Sadly, they believe they are in control of their own lives. They believe they can manage their flesh and their children’s flesh in such a way as to not be tainted by the sin around them — never mind that scripture says our greatest problem with sin is what’s inside of us, not around us! Such people may never know the joy and happiness of inward assurance by the Holy Spirit that Christ is in them because they’re being snubbed, sniped at, or discriminated against. They have huddled in their Christian ghetto and rarely (if ever) venture outside it to share Christ with pre-believers.

Such spiritual isolationists may never recognize that it may be a greater victory for a person to spend 40 years at the same desk in the same office watching other people being promoted because the believer will not perform in such a way that violates his or her conscience. It may be more of a victory raising a family in the ordinary things of the Lord in the midst of an evil world, with nitpicking neighbors or fellow students laughing at them for being humdrum and unglamorous people.

We who live ordinary lives in a pluralistic society can take comfort in the fact that Christ is working in us and through us for his glory and his purposes regardless of the level of persecution we may experience. If you have not been snubbed, sniped at, laughed at, or rejected by those who don’t know Jesus, then you need to ask yourself if you really go out of your way to meet pre-believers so that you can participate in their making peace with God. Do you display Christ’s righteous character in the Kingdom of the evil one? Are you really interested in being a peace-maker?

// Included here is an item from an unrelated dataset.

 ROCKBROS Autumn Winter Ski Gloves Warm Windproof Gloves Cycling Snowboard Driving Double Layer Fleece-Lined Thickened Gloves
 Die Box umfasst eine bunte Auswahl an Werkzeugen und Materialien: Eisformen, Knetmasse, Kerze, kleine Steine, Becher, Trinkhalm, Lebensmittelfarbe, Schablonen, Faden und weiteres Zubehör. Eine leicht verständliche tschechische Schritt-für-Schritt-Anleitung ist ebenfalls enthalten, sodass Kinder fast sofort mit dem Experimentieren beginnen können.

If so, then Jesus says your greatest joy and hope lies ahead of you. It is outside of you. It is in front of you on your journey through this spiritual wilderness toward the beautiful Mount Zion. Your true hope is not in earning spiritual brownie points with your Christian friends when you are snubbed. Your earnest hope, you’re sure and certain hope if you are trusting into Christ this morning, is that one day you will hear these words:

“The kingdom of the world has become the kingdom of our Lord and of his Christ, and he shall reign forever and ever.” 16 And the twenty-four elders who sit on their thrones before God fell on their faces and worshiped God, 17 saying,

“We give thanks to you, Lord God Almighty, who is and who was, for you have taken your great power and begun to reign. 18 The nations raged, but your wrath came, and the time for the dead to be judged, and for rewarding your servants, the prophets and saints, and those who fear your name, both small and great, and for destroying the destroyers of the earth.” [5]

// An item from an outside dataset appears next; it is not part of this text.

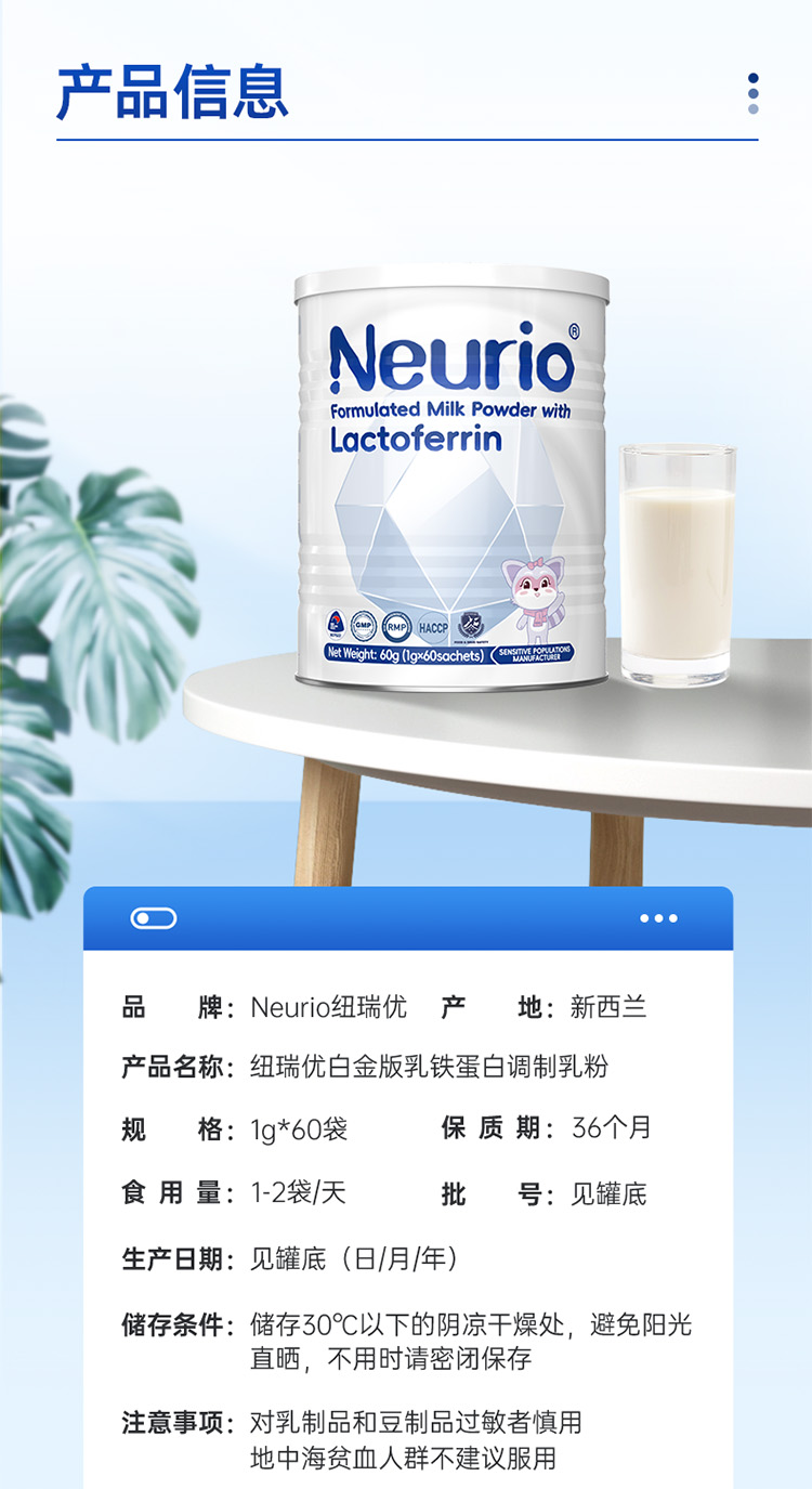 【大促专供】纽瑞优白金版乳铁蛋白调制乳粉

[1] The Holy Bible: English Standard Version (Wheaton, IL: Crossway Bibles, 2016), Mt 5:1–12.

[2] R. Kent Hughes, op. cit.

[3] The Holy Bible: English Standard Version (Wheaton, IL: Crossway Bibles, 2016), Jn 15:20–23.

[4] James Montgomery Boice, The Sermon on the Mount: An Expositional Commentary (Grand Rapids, MI: Baker Books, 2002), 53.

[5] The Holy Bible: English Standard Version (Wheaton, IL: Crossway Bibles, 2016), Re 11:15–18.